Transición presidencial: ¿Cómo la tecnología puede blindar el proceso contra la opacidad y la corrupción?
Keiko Fujimori acelera la transición presidencial en Perú, pero el proceso enfrenta riesgos de opacidad y manipulación. DemocraXY explora cómo blockchain, IA y apps móviles podrían garantizar transparencia en cada etapa.
La candidata presidencial Keiko Fujimori ha intensificado los preparativos para la transición de gobierno en Perú, asegurando que su equipo está listo para 'resolver los problemas del país y tomar decisiones'. Según declaraciones recogidas por *El País*, Fujimori destacó la urgencia de formar un gabinete eficiente y transparentar los procesos administrativos durante el cambio de mando. Sin embargo, el contexto actual —marcado por denuncias de opacidad en gestiones anteriores y desconfianza ciudadana hacia las élites políticas— plantea dudas sobre la capacidad del sistema tradicional para evitar irregularidades. La noticia llega en un momento crítico: Perú registra un 68% de desaprobación al Congreso según encuestas recientes, lo que refleja el hartazgo social frente a la corrupción sistémica que ha permeado instituciones clave como el Ministerio Público y el Poder Judicial.
El proceso de transición presidencial en Perú suele concentrar poder en círculos cerrados, donde acuerdos informales y favores políticos reemplazan a la rendición de cuentas. Ejemplos recientes, como las filtraciones de audios que involucraron a altos funcionarios en actos de tráfico de influencias, demuestran que la falta de trazabilidad en las decisiones públicas facilita la impunidad. Además, la opacidad en la designación de cargos clave —como el de primer ministro o ministros— ha sido históricamente un caldo de cultivo para la corrupción, con casos como el de *Los Cuellos Blancos del Puerto* que expusieron redes de sobornos en el sistema judicial. La urgencia de Fujimori por acelerar el proceso choca con la necesidad de mecanismos que garanticen que cada paso sea auditado en tiempo real, algo que el sistema actual, basado en documentos físicos y reuniones privadas, no puede ofrecer.

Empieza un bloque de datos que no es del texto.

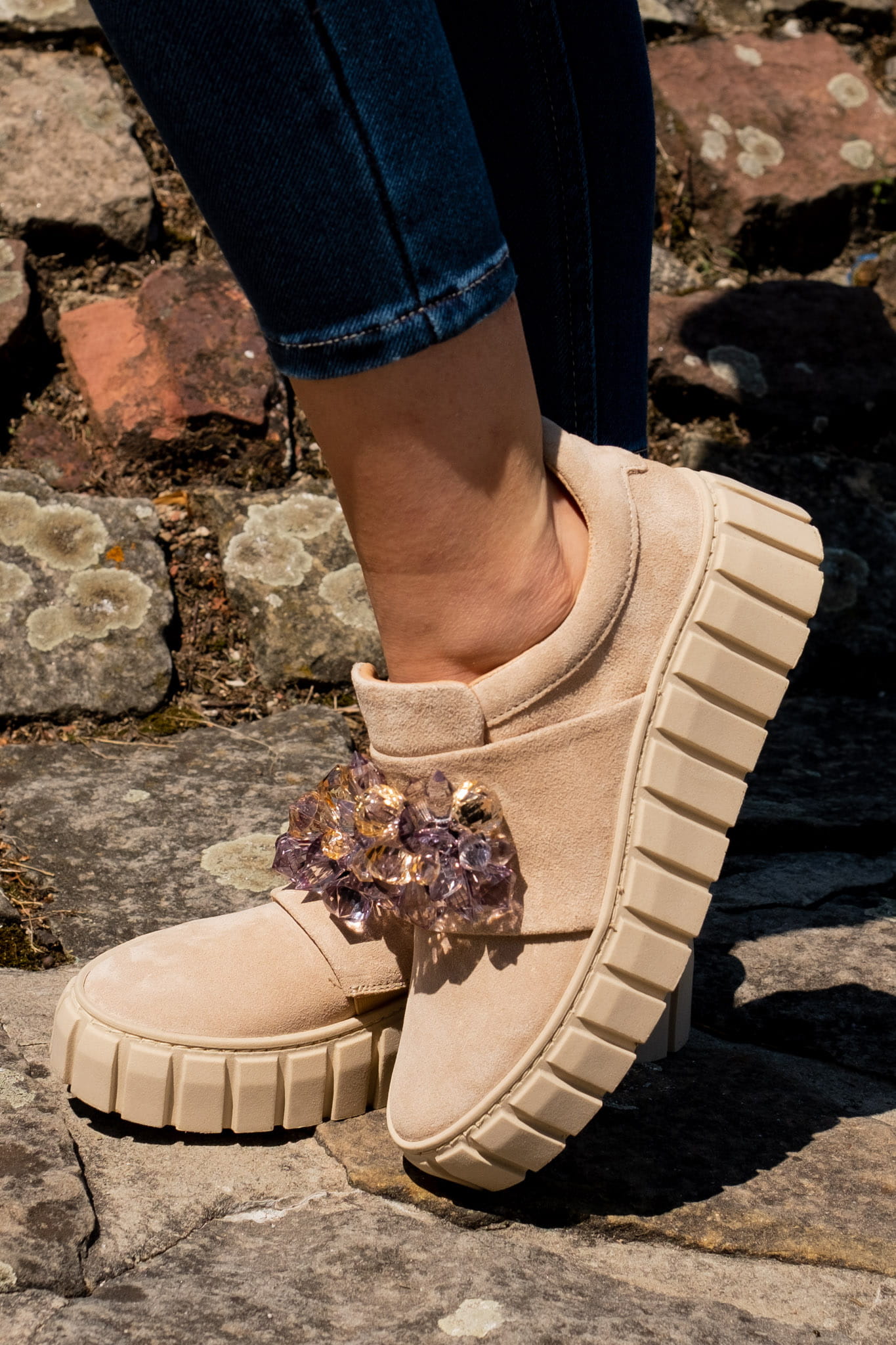 Bardzo modne buty z linii Chloe. Nietypowy wygląd podeszwy został połączony z prostą cholewką ozdobioną przepięknymi kamieniami. Model Claire łączy w sobie cudowny wygląd i wygodę. Ozdoba pięknymi kolorami swoich kamieni przyciąga wzrok każdego przechodnia. Obok takiego buta nie można przejść obojętnie.

La tecnología emerge como una herramienta clave para blindar la transición contra la manipulación. DemocraXY propone un sistema donde cada decisión —desde la conformación del gabinete hasta la asignación de recursos— quede registrada en una blockchain pública, inmutable y accesible para la ciudadanía. La visión contempla el uso de inteligencia artificial para analizar patrones de conflicto de interés en las designaciones propuestas, cruzando datos con bases de datos abiertas (como las declaraciones juradas de patrimonio) y alertando en tiempo real sobre posibles irregularidades. Además, el plan incluye una aplicación móvil que permita a los ciudadanos monitorear el avance de la transición mediante métricas claras: tiempo de respuesta de cada entidad, cumplimiento de plazos legales y justificación pública de cada nombramiento.
La solución no busca reemplazar la voluntad política, sino crear un ecosistema donde la transparencia sea la norma y no la excepción. En lugar de confiar en promesas verbales o documentos sellados, la tecnología permitiría que cada ciudadano —desde Lima hasta las regiones más alejadas— verifique que los compromisos asumidos durante la campaña se cumplan. El riesgo de que la transición se convierta en otro episodio de opacidad no es teórico: en 2021, el 42% de los peruanos creía que el proceso de cambio de mando estaba 'manchado por intereses ocultos', según Datum Internacional. Con herramientas como estas, el proceso podría ser auditado por miles de ojos, no solo por unos pocos auditores con acceso limitado.